Looking Forward on Higher Ed: Funding the State Need Grant Should Be A Priority

This blog post was written by Noah An, chair of the Higher Education Caucus.

Back in August, I wrote about the tuition cuts that were greeting in-state college students here in Washington as they returned to campus. In that post, I discussed some of the downsides of the bipartisan tuition cut, including the cutting of the State Need Grant to free up money for an across the board tuition reduction. Now, as we turn our eyes to the coming legislative session, it is time to ask what comes next for higher education. Now that tuition is headed downward, what should the next priority for college students be?

I say it should be the State Need Grant.
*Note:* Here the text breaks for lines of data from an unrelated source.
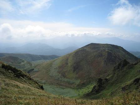 下の写真は横岳山頂から撮った、カルデラ内部の写真です。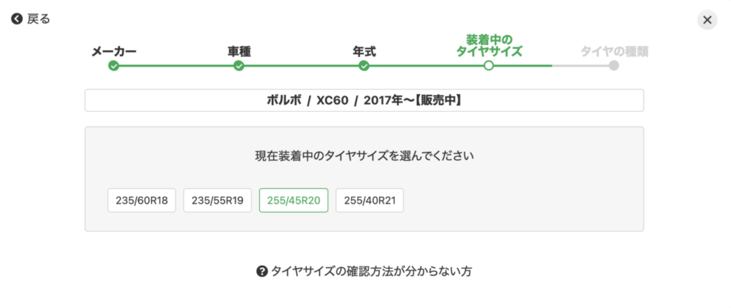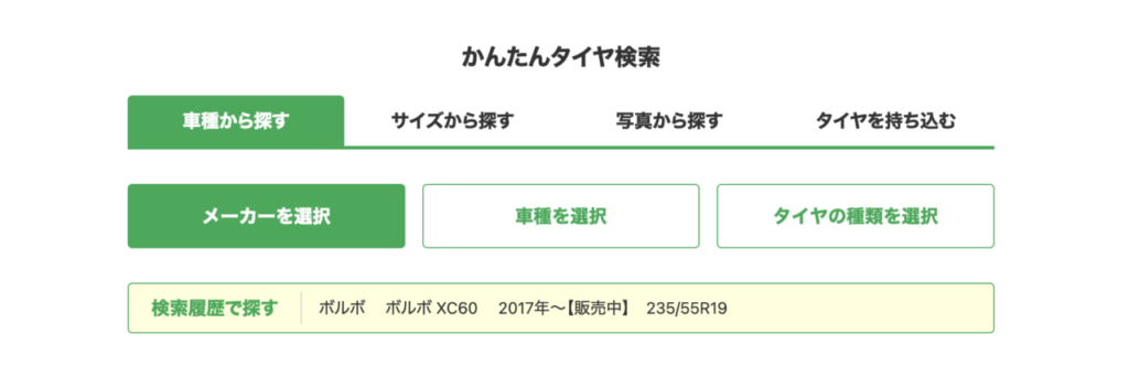 タイヤフッドは車種から適合タイヤを検索できるので非常に簡単です。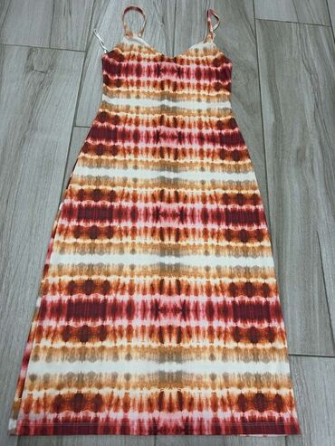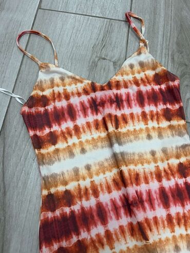 - Uzorak: horizontalne tie-dye pruge u nijansama crvene, narandžaste, braon i bele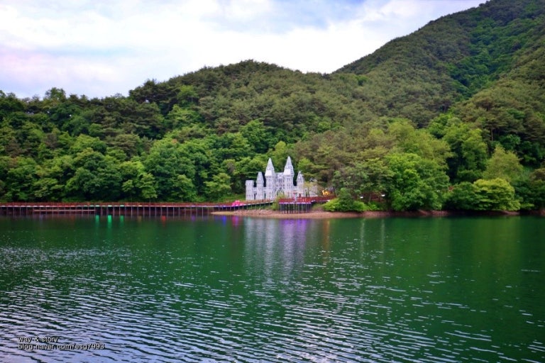 하얀 성과 자연을 배경으로 이국적인 풍경을 담을 수 있는 비룡담 저수지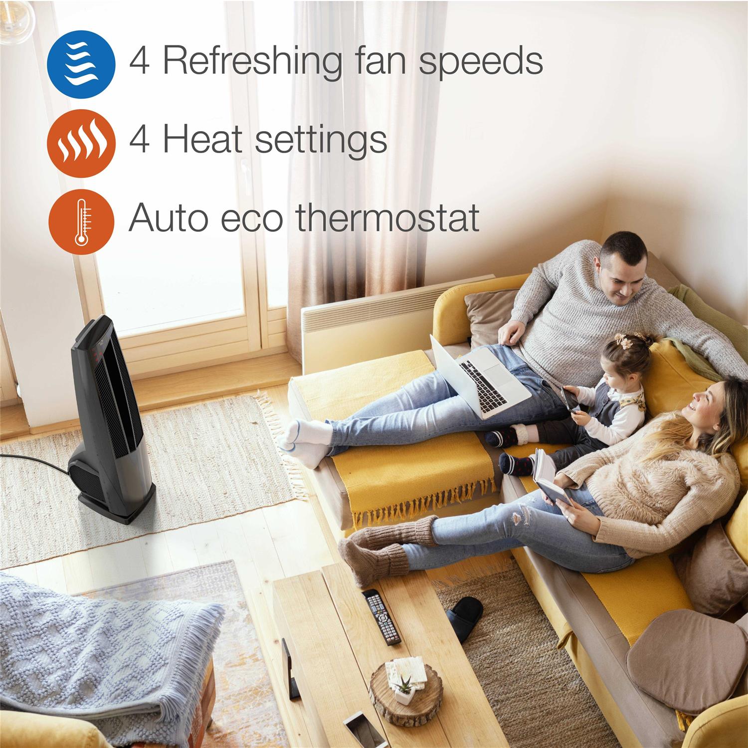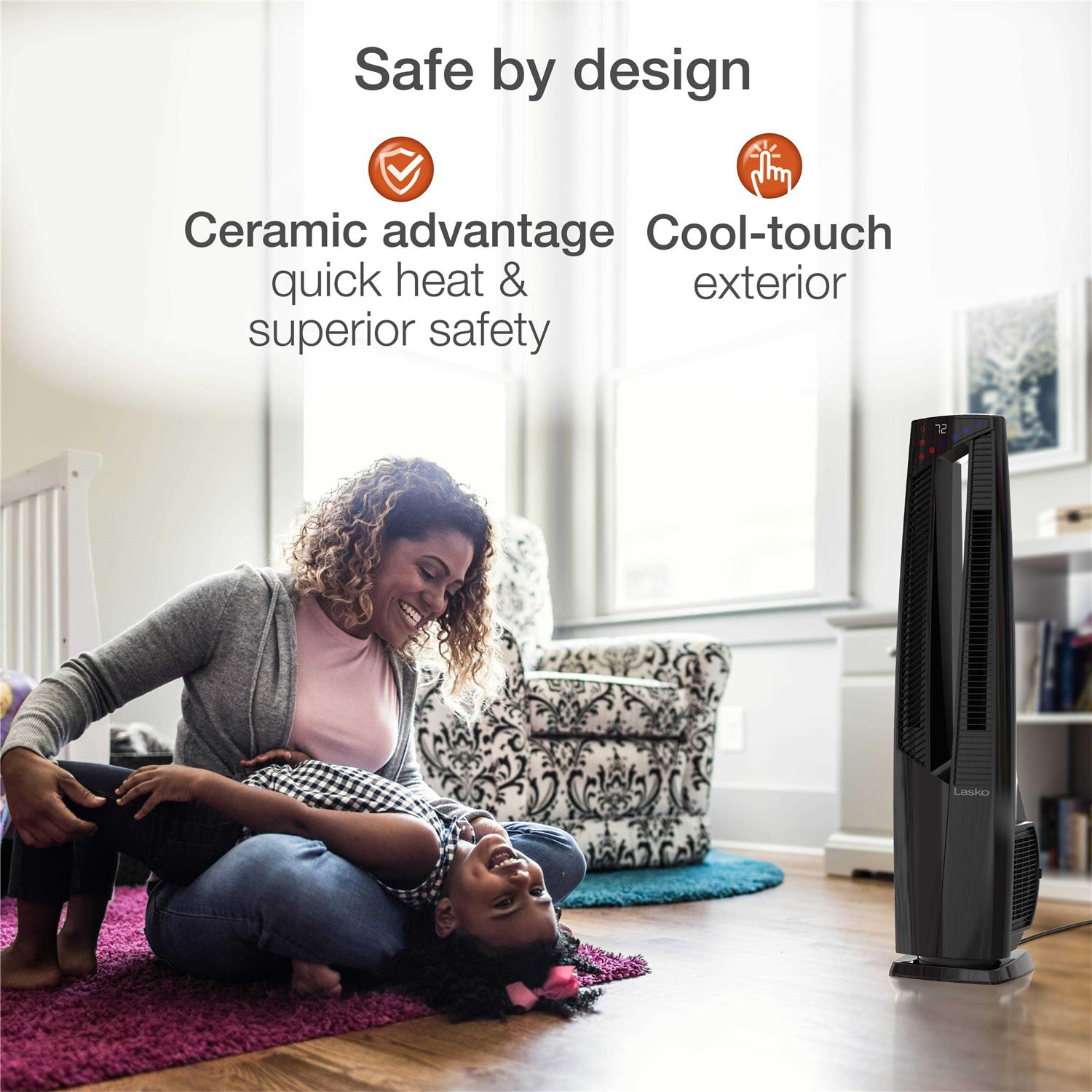 Perfect for homes with different heating and cooling needs throughout the year, this hybrid high velocity fan and space heater from Lasko meets all your home comfort needs. The fan mode features 4 speeds, from low to high velocity. The high velocity feature is perfect for cooling, ventilating, and exhausting your space. The heater mode features 4 speeds from low to turbo heat. Turbo heat projects heat 40% further to quickly warm the room youre in. Additionally, the space heater mode features Lasko’s AutoEco thermostat, which maintains room temperature while using less energy. The widespread oscillation option ensures your warm or cooling air circulates throughout your room. This elegant combo tower fan and space heater also comes with a digital remote control with on-board storage for convenience. The programmable auto-off function allows you to set the unit to run for up to 8 hours. Simple, touch sensing controls make operating this fan/heater a breeze. Plus, it comes with a built-in carry handle for portability. The built-in easy-to-clean filters keep the unit running efficiently. Safety features include Automatic overheat protection and cool-touch housing.

If you’re unfamiliar, the State Need Grant is Washington State’s version of the Pell Grant: financial aid awarded to college-bound students whose families fall under certain income levels (specifically, less than 70% of the state’s median family income, or $58,500 for a family of four.) About 74,000 students get help paying for college thanks to the State Need Grant. However, due to lack of funding, thousands of students eligible for the State Need Grant get turned away, or get prorated grants for less than the amount promised. During the 2012-2013 school year, more than 32,000 students whom qualified for aid were turned away. This is a huge problem, but there is an easy solution: more funding.

Unfortunately, the anti-tax mindset of senate Republicans, coupled with the recently passed (and hopefully soon-to-be overturned) I-366, and a bevy of other funding obligations the legislature finds themselves in after years of irresponsibility, makes the task of finding funding difficult. Lobbyists for big business and the super-rich will be fighting tooth and nail in Olympia to protect every dollar we give away in corporate tax-breaks. That’s why your voice is so important.

We need to send a message to legislators this year that a tuition cut that primarily benefits wealthy families is not enough. College should be affordable for all, and accessible to people of all backgrounds and income levels. Without providing more funding for the State Need Grant, we won’t expand the opportunity of a college education to more Washingtonians. In the coming months, the Higher Education Caucus will be organizing efforts aimed at empowering student voices to push the legislature in the right direction. For now, I ask that Young Democrats across the state, especially in our college chapters, have this conversation: What should the next steps on higher education be? What should we prioritize, and how do we win, together?